I meant if a breeder were to breed two dogs that they were certain would create pups predisposed to have HD, but were going to be nice eye candy, or great dispositions etc. and totally ignored the fact that the bitch (or sire) threw pups who had HD. 

Replace HD with any other genetic defect that would be life threatening, or change the quality of life for the dog. I would feel the same way. 

I realize there is no exact science - and the best you can do is only utilize breeders who have done all of the hard work to put the odds in your favor. But to find out that some breeders who represent themselves as such, and in fact aren't is totally amazing to me.


----------



## GSDElsa (Jul 22, 2009)

Xeph said:


> And nobody has answered my question about what is to be done for the person that ends up with the severely dysplastic dog from such a breeding. Or the dog itself.


Same thing that is done for a person that ends up with a dog with HD from two "excellent" parents. Whatever is stipulated in the contract.


----------



## GSDBESTK9 (Mar 26, 2002)

Very true Justine, this is the very reason why my hubby likes the German imports, because he can research the lines way back, look up littermates, grandparents, etc. etc.


----------



## GSDElsa (Jul 22, 2009)

I just thought that it would be interesting to note that there are FIVE criteria the OFA suggests that breeders take into account when choosing a pairing.......

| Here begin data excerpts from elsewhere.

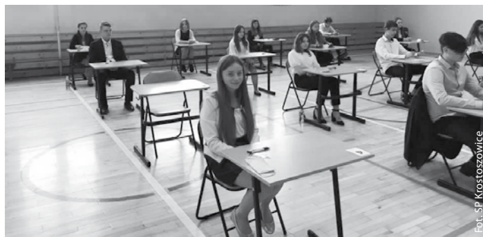
Egzamin ósmoklasisty w SP Krostoszowice

18 czerwca zakończyły się egzaminy ósmoklasistów. W pierwszej kolejności uczniowie ostatnich klas szkół podstawowych pisali egzamin z języka polskiego, następnie z matematyki, a na końcu z języka obcego.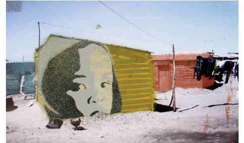
Township 001-3, Collage: Sprühlack auf Photoausdruck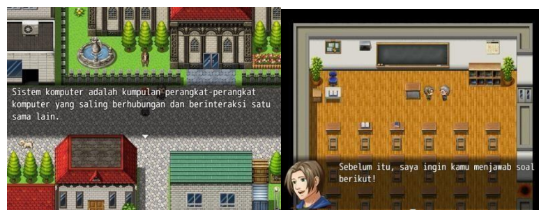
Gambar 5. Materi dan Soal

Gambar 3 menunjukkan pemain akan mengisi nama sebelum bermain dan terdapat halaman petunjuk penggunaan mulai dari menunjukkan suatu lokasi map agar pemain tidak kebingungan untuk melanjutkan permainan. Tampilan ini merupakan Map 1 area rumah sebelum pergi ke kota untuk mencari petunjuk selanjutnya.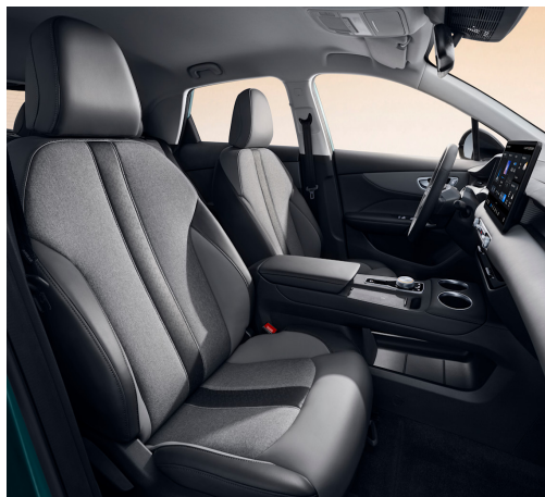
Sedili in similpelle nero con inserti in tessuto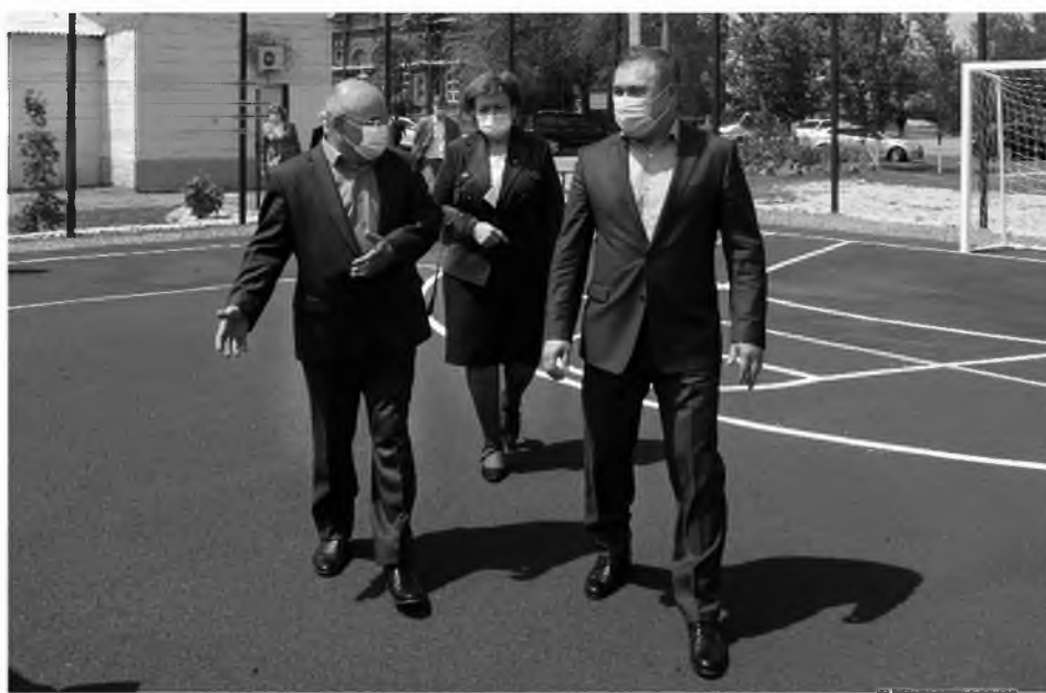
Донские села меняют облик и радуют тех, кто выбрал жизнь и работу на родной земле

На реализацию программы в прошлом году было направлено около 1 млрд рублей, причем три четверти объема – средства области, из федерального бюджета поступило 268,5 млн рублей. Благодаря программе улучшили жилищные условия 126 сельских семей – все они трудятся на предприятиях АПК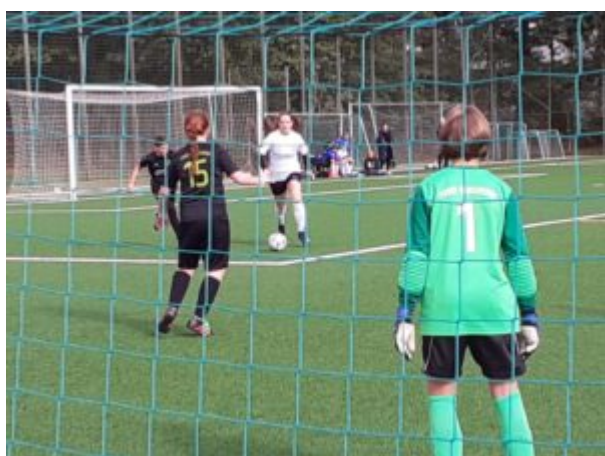
Fritzi mogelt sich nach vorn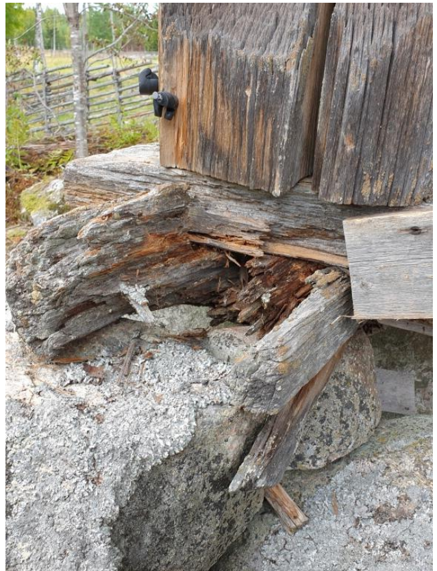
2022-09-09: Rötskadan gör att timret pressas samman.

The following breeding selection criteria have been demonstrated
to more rapidly and effectively reduce the frequency of
undesirable traits: 

*1. Breed only normal dogs to normal dogs*​​​​—using hip dysplasia
as an example, Table 1 illustrates the outcome of matings based on
information extracted from the OFA database. A total of 444,451
progeny were identifi ed where both parents had hip conformation
ratings. The percentage of dysplastic progeny increased as the sire’s
and dam’s phenotypic hip ratings decreased from excellent through
dysplastic. Reed (2000) reported equal genetic contribution on
progeny hip scores from the sire and dam.​
_Orthopedic Foundation for Animals, Inc.​​​​11​
_*2. Breed normal dogs that come from normal parents and*
*grandparents*​​​​—this employs the traditional horizontal pedigree
with emphasis on the most immediate three generations (50% genetic
contribution from each parent, 25% from each grandparent
and 12.5% from each great grandparent)
​
*3. Breed normal dogs that have more than 75% normal siblings*​​​​—
this information is usually not available since most animals
in a litter become pets and are not screened for undesirable traits.
Breeders can add incentives to purchase contracts in an attempt
to gather this information, such as offering reimbursement for a
preliminary hip radiograph taken when the pet dog is spayed/neutered.
​
*4. Select a dog that has a record of producing a higher than*
*breed average percentage of normal progeny*​​​​*—*if known, the
comparison of production performance between individuals is an
important criterion. For example, a stud dog with a track record
of producing 90% normal progeny is far superior to another dog
producing only 50% normal progeny.
​
*5. Choose replacement animals that exceed the breed average*​​​​*—*
exert constant, consistent pressure to ensure overall breed​
improvement.


----------



## robinhuerta (Apr 21, 2007)

I choose to support breeders that consider "all" aspects of this breed when considering a litter. 
I'll purchase and invest in the breeder that requires more from breeding, (than just hips)... and consistently produces good dogs. 
*It's kinda like all or nothing for me...but maybe that's just me.?*

I think the topic has been taken in an "all one way or nothing" direction....
Breeding is RESEARCH.....one must take ALL data available and put it to use.
ALL aspects of health...ALL aspects of temperament...ALL aspects of function.....and *only then*, conclude what is best and most genetically sound.
JMO...maybe I should refrain from posting to this topic any further....I can't see in only black and white...
(good reference..that black & white comment!)


----------



## GSDElsa (Jul 22, 2009)

I will say to people who are nervous about this aspect of the breed/breeding. A good breeder ALWAYS is transparent with their breeding dogs certs and scores for HD and ED (even if they don't TELL you, you should easily be able to look it up). And some dogs you can look up the dogs ZW score...with 100 being "average" and the lower the score the better (ie Medo's dad is way above average with a ZW score of 73). The ZW system takes into account all the dogs in the pedigree and their hip scores to give an idea of how good the hip ratings are throughout the ENTIRE pedigree...not just ONE dog. 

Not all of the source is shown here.